There are many ways to answer this question, which is why it keeps getting asked, but the most engaging responses are often given by people who began their careers at the very bottom of their industry’s ranks, people whose first job was facing customers, or sweeping floors, or answering phones at a front desk. These professionals are often hardworking and talented, and they possess wisdom that is hard to gain just through reading about the industry: they have seen how the business functions while playing a broad variety of roles that enable that functioning.

Lynn Alexander’s story is woven from that cloth. She began her career as a summer temp in WEX’s warehouse and is now an executive for the company overseeing multiple departments at WEX, with myriad responsibilities and teams reporting up to her.

How Alexander Started to Earn Her Chops

Alexander is based in our South Portland, Maine office and just celebrated her 26th year with WEX in March of 2020. When talking to Alexander, you get a sense of why she has stayed at WEX for so long, “I am at my personal best in a fast-paced environment with rapid change and WEX has been just that for most of my 26 years here. There is always an opportunity to be challenged, to do something different, or test out different ways of running operations here.” She is responsible for non-contact center operations for WEX’s North American Fleet and OTR lines of business.  This includes partner, merchant and network operations, indirect tax, disputes, check administration, controls and compliance, card production, and logistics.   

New England Roots Run Deep

Alexander grew up in Westwood, Massachusetts, and went to high school in New Hampshire. Growing up in New England, she came to Maine on vacations as a kid. Her family made the trek north to visit relatives from her dad’s side of the family, the Greely family out of Cumberland. Back then, Alexander wasn’t looking at the state as a place where she would make a home for herself. 

After over 40 years away from the place where he grew up, Alexander’s dad moved back to Maine the year Alexander graduated from college. She decided to spend her first summer post-grad visiting with him and made the trip up to Maine from New York, where she’d gone to college. She saw herself swinging in for a quick visit and then heading off on other adventures and had no intention of staying beyond the summer. But, as happens for many who cross the bridge from New Hampshire, by the end of the summer Alexander had fallen in love with Maine, the state of her ancestors. She decided to stay.

Alexander’s father, Carlton Greely, in Portland’s Deering High School yearbook. (Class of 1946)

Alexander’s father, Carlton Greely, in Portland’s Deering High School yearbook. (Class of 1946) 

Alexander landed a temporary job with WEX that summer working at one of our distribution centers responsible for mailing out customer invoices. Once she decided she was going to stay in Maine, Alexander did something not every young twenty-something does: she took stock of her options and put some thought into how she was going to advance her career within the organization. Amidst that thoughtful and forward-thinking time, Alexander was hired to a permanent, full-time position at WEX. In the distribution center where she’d started as a temp, she had been promoted to team leader. 
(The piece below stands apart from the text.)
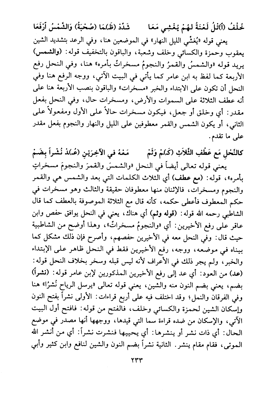 يعني قوله «يغشّي الليل النهار» في الموضعين هنا، وفي الرعد بتشديد الشين يعقوب وحمزة والكسائي وخلف وشعبة، والباقون بالتخفيف قوله: (والشمس) يريد قوله «والشمس والقمر والنجوم مسخرات بأمره» هنا، وفي النحل رفع الأربعة كما لفظ به ابن عامر كما يأتي في البيت الآتي، ووجه الرفع هنا وفي النحل أن تكون على الابتداء والخبر «مسخرات» والباقون بنصب الأربعة هنا على أنه عطف الثلاثة على السموات والأرض، ومسخرات حال، وفي النحل بفعل مقدر: أي وخلق أو جعل، فيكون مسخرات حالا على الأول ومفعولا على الثاني، أو يكون الشمس والقمر معطوفين على الليل والنهار والنجوم بفعل مقدر على ما تقدم.
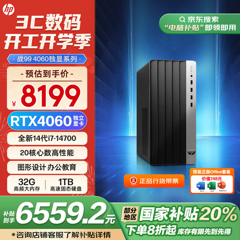 惠普 补贴 战99 游戏台式电脑(i7-14700 32G 1T RTX4060光追)畅玩黑神话 AI训练 DeepSeek部署价格:8199.00元!

Learning the Business of WEX One Job at a Time

While working as a lead in the distribution center, Alexander began to understand WEX’s business and it was then that she decided she wanted to move from the warehouse to the contact center. As she describes it, she wanted “to get the greatest exposure to our product set and our customer base.” Alexander spent ten months in the contact center. “Working in the Contact Center afforded me a better base of understanding of our products, our customers, and our operations as a whole. The time I spent as an agent on the floor was invaluable and it allowed me to develop a more comprehensive understanding of WEX.”

While in the role of team lead, Alexander was given the opportunity to start a fraud program for WEX. “This was back in 1997 and at the time WEX did not have a fraud department but we started to see pockets of fraud-type behavior on the cards. A fraud analyst position soon opened up and I spent the next 10-12 years building out the fraud department.” Alexander studied sociology and criminal justice in school which contributed to her interest in the role. 

Alexander knew she couldn’t build out the fraud department with what she knew in her own head alone. She needed to tap into a wide variety of resources. She joined the Association of Certified Fraud Investigators and the International Organization of Financial Crimes Investigators which provided her with an open line of communication with other professionals in her field. As she built up her team, she pulled people from outside the organization with experience in fraud analysis to help round out the knowledge base within her group. 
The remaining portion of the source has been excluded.